In order to generate guesses for a given clue, our system looks at other clues that it has previously seen, finds those that are most similar, and then makes a guess based off of their corresponding answers. Quantifying semantic similarity between pieces of text is a common problem in NLP. In this case, we first convert each clue into a vector using a technique called TF-IDF. It operates as follows.

  • let D denote our corpus of documents (each clue in the training data is one document)
  • let T denote the set of terms in our corpus of documents (each unique word is one term)
  • let f_d(t) denote the number of time term t appears in document d

Each document is associated with a vector of length |T| whose components are given by:

    \[\mathrm{tfidf}_d(t) = \mathrm{tf}_d(t) \cdot \mathrm{idf}_d(t)\]

where

    \[\mathrm{tf}_d(t) = \frac{f_d(t)}{\sum_{t' \in T} f_d(t')}\]
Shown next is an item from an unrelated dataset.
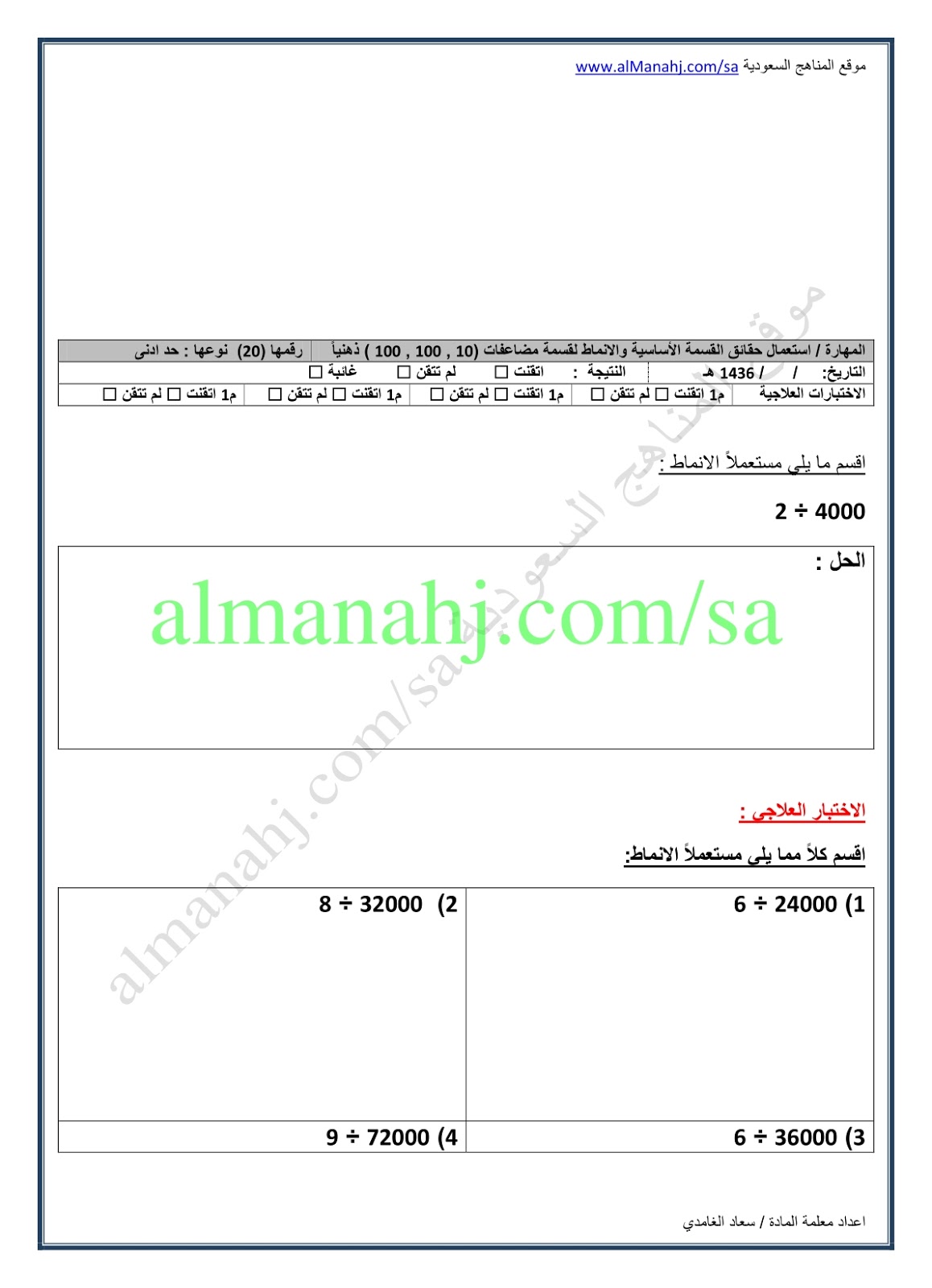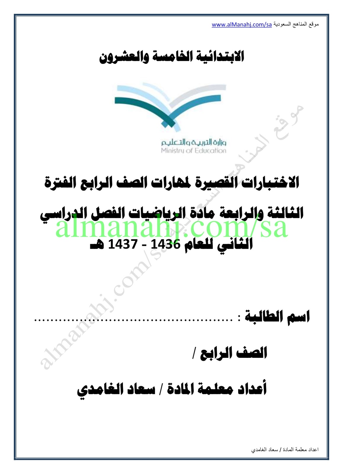 6. الصف السادس, الاختبارات, نموذج الإجابة على مسابقة ماهرون الاختبار المحاكي للاختبارات الوطنية نافس في منطقة جازان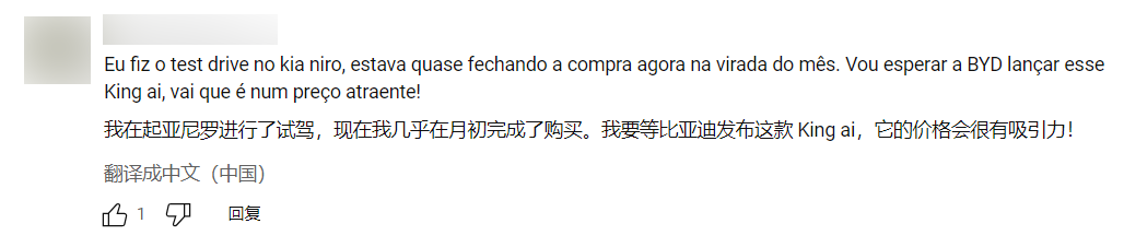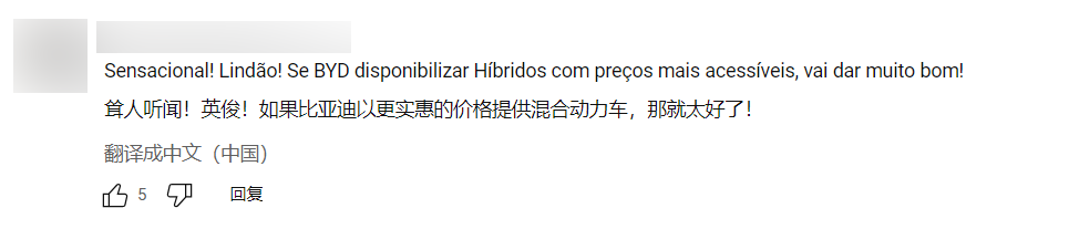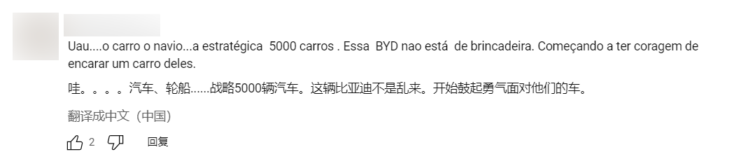 我在这里给大家复述的这些,都是从YouTube上一个知名巴西汽车频道(Motor1 Brasil)的评论区里摘录下来的葡萄牙语评论。这个巴西汽车频道的主持人法比奥·特里纳德(Fabio Trinade)最近往YouTube上上传了一段视频,讲的是他在巴西的苏阿佩港迎接抵达巴西的首批比亚迪2024款秦PLUS DM-i轿车的事情经过。而且,该频道还给这段视频起了个相当有意思的葡语标题——

represents the normalized occurrences of t in d (hence the name “Term Frequency”), and

    \[\mathrm{idf}_d(f) =  \log \frac{|D|}{|\{d \in D \mid f_d(t) > 0\}|}\]

is a scaling term that serves to reduce the weight of terms which appear all over the place throughout the corpus (e.g. “the”) (hence the name “Inverse Document Frequency”). The result is that each clue is mapped to a vector that captures the ‘most important’ words in that clue.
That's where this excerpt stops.